• [TASK TO COMPLETE]
With the pictures set aside, write out all of the data exactly as it stands.

• [INPUT FOR THIS TASK]
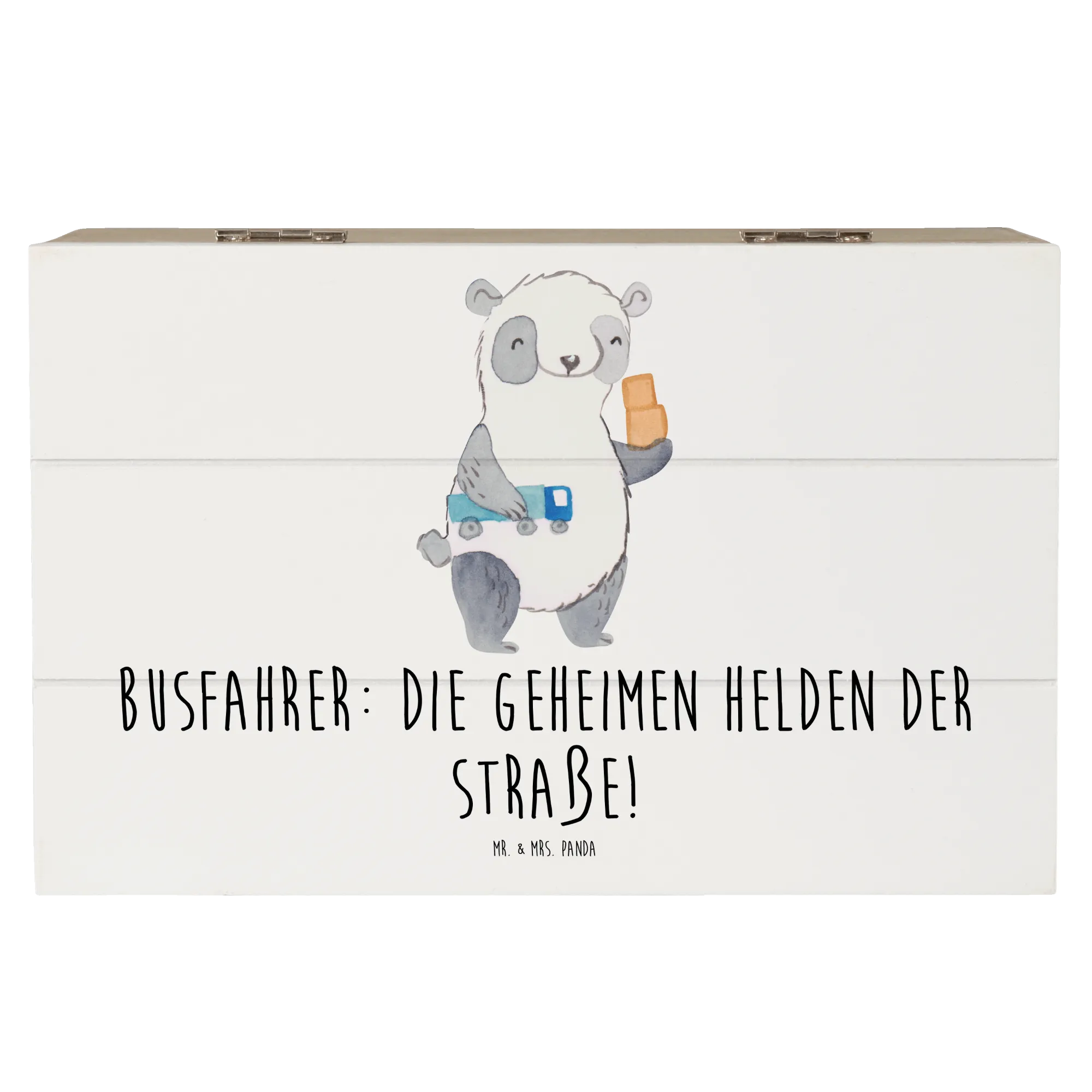 Eine wunderschöne Holzkiste von Mr. & Mrs. Panda – das perfekte Danke-Geschenk für alle Busfahrer, die täglich für uns unterwegs sind. Diese liebevoll designte Holzkiste trägt den Schriftzug „Busfahrer: Die geheimen Helden der Straße!“ und gehört zur warmen "Danke"-Kollektion. Sie kombiniert praktischen Nutzen mit emotionalem Charakter und ist ideal als Geschenkbox, Erinnerungskiste oder Schatztruhe.
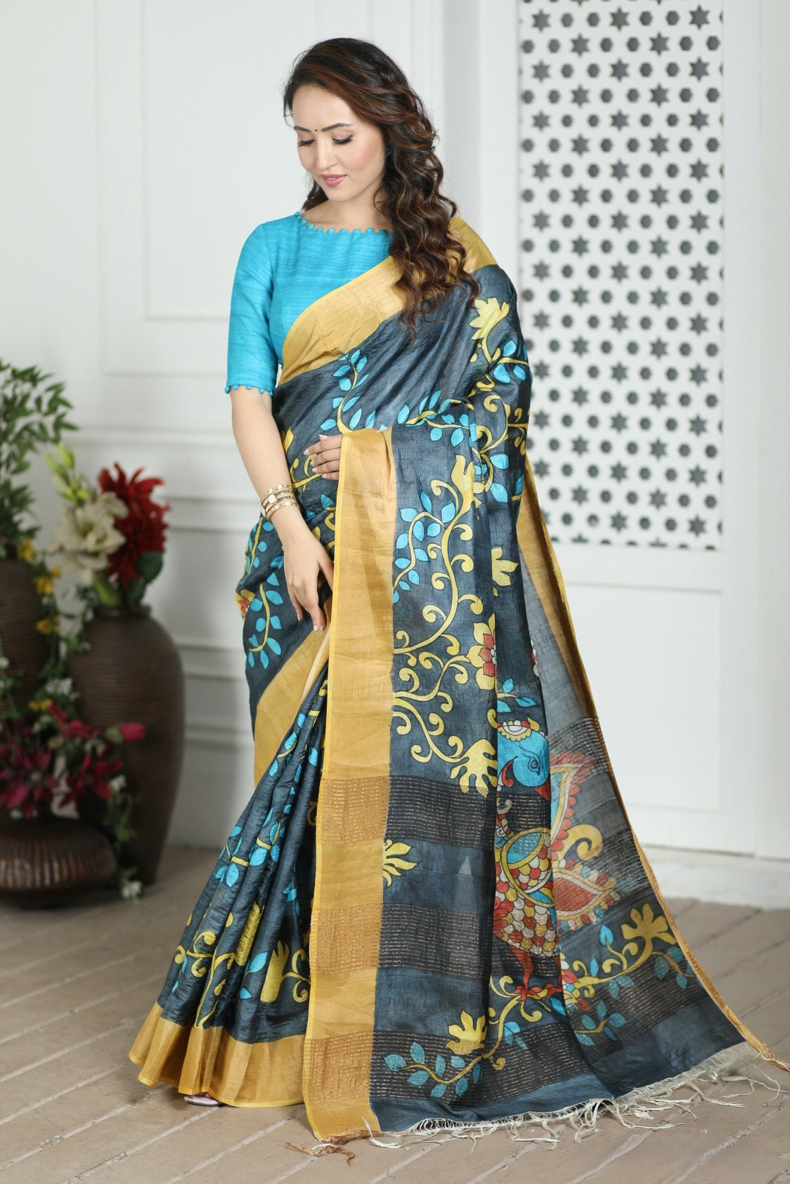 Authentic Handloom Tussar Silk Saree Kalamkari Motif With Blouse Fabric
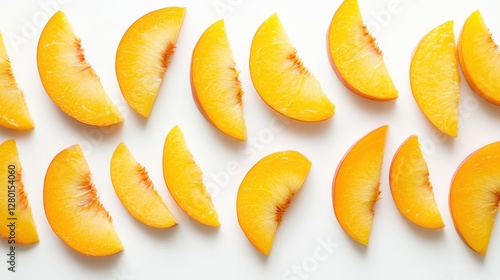 Peach slices line up on a clean white background, showcasing their vibrant color
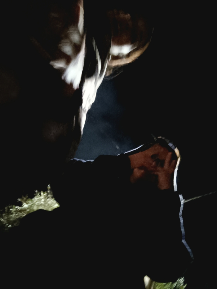 In the low-lit image, a horse's head dominates the upper portion, its brown and white markings barely discernible in the dimness. Below, a person in a dark jacket appears to be interacting with the horse. The individual's face is visible, hands raised near their head. Patches of vegetation are visible in the lower portion. The overall scene is shrouded in darkness, making details indistinct.
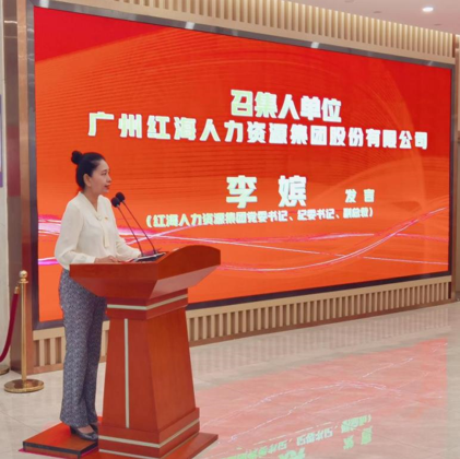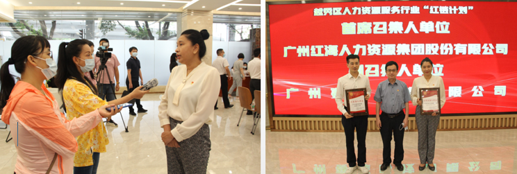 啟動儀式伊始,紅海人力集團(tuán)副總裁、黨委書記李嬪以“黨建如何融入生產(chǎn)經(jīng)營,促進(jìn)行業(yè)發(fā)展”為題,現(xiàn)場接受了廣州電視臺的采訪,同時作為首席召集人單位黨組織負(fù)責(zé)人進(jìn)行了講話。
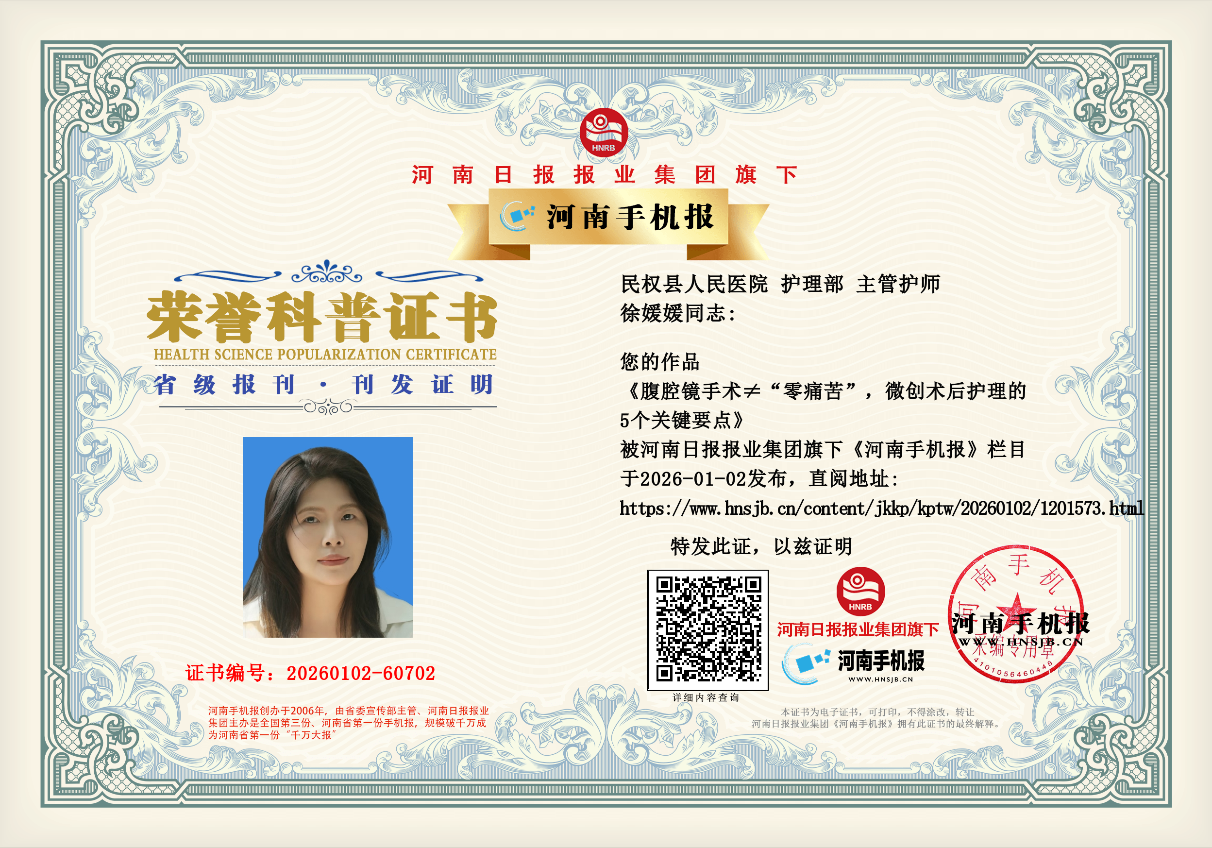 特别声明:本文内容由河南手机报投稿作者发布,仅代表作者个人观点,河南手机报仅提供发布平台。如内容涉及侵权或其他问题,请联系删除!本栏目工作人员不会主动以任何形式联系作者,请各位作者提高警惕、注意甄别,若遇可疑人员请及时拉黑并向我们反馈,避免财产损失。
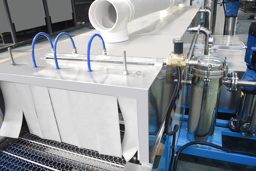 該設(shè)備有上下料網(wǎng)帶、超聲波清洗工位、噴淋漂洗工位、高壓風(fēng)切、熱風(fēng)烘干工位、溫控水加熱系統(tǒng)、風(fēng)機(jī)、溫控空氣加熱系統(tǒng)、移動式風(fēng)刀、PLC+觸摸屏控制系統(tǒng)、管路系統(tǒng)及智能電器控制系統(tǒng)等組成。自動進(jìn)排液和自動加溫系統(tǒng)完全實現(xiàn)了無人干預(yù),自動運行,很大程度上降低了工人的勞動強度。先進(jìn)的霧氣處理系統(tǒng)可以將清洗時產(chǎn)生的霧氣冷凝回流,空氣經(jīng)過濾和活性炭吸附后排出。

• [RESULT OF THE TASK]
 Eine wunderschöne Holzkiste von Mr. & Mrs. Panda – das perfekte Danke-Geschenk für alle Busfahrer, die täglich für uns unterwegs sind. Diese liebevoll designte Holzkiste trägt den Schriftzug „Busfahrer: Die geheimen Helden der Straße!“ und gehört zur warmen "Danke"-Kollektion. Sie kombiniert praktischen Nutzen mit emotionalem Charakter und ist ideal als Geschenkbox, Erinnerungskiste oder Schatztruhe.
 Authentic Handloom Tussar Silk Saree Kalamkari Motif With Blouse Fabric
 Peach slices line up on a clean white background, showcasing their vibrant color
 In the low-lit image, a horse's head dominates the upper portion, its brown and white markings barely discernible in the dimness. Below, a person in a dark jacket appears to be interacting with the horse. The individual's face is visible, hands raised near their head. Patches of vegetation are visible in the lower portion. The overall scene is shrouded in darkness, making details indistinct.
 啟動儀式伊始,紅海人力集團(tuán)副總裁、黨委書記李嬪以“黨建如何融入生產(chǎn)經(jīng)營,促進(jìn)行業(yè)發(fā)展”為題,現(xiàn)場接受了廣州電視臺的采訪,同時作為首席召集人單位黨組織負(fù)責(zé)人進(jìn)行了講話。
 特别声明:本文内容由河南手机报投稿作者发布,仅代表作者个人观点,河南手机报仅提供发布平台。如内容涉及侵权或其他问题,请联系删除!本栏目工作人员不会主动以任何形式联系作者,请各位作者提高警惕、注意甄别,若遇可疑人员请及时拉黑并向我们反馈,避免财产损失。
 該設(shè)備有上下料網(wǎng)帶、超聲波清洗工位、噴淋漂洗工位、高壓風(fēng)切、熱風(fēng)烘干工位、溫控水加熱系統(tǒng)、風(fēng)機(jī)、溫控空氣加熱系統(tǒng)、移動式風(fēng)刀、PLC+觸摸屏控制系統(tǒng)、管路系統(tǒng)及智能電器控制系統(tǒng)等組成。自動進(jìn)排液和自動加溫系統(tǒng)完全實現(xiàn)了無人干預(yù),自動運行,很大程度上降低了工人的勞動強度。先進(jìn)的霧氣處理系統(tǒng)可以將清洗時產(chǎn)生的霧氣冷凝回流,空氣經(jīng)過濾和活性炭吸附后排出。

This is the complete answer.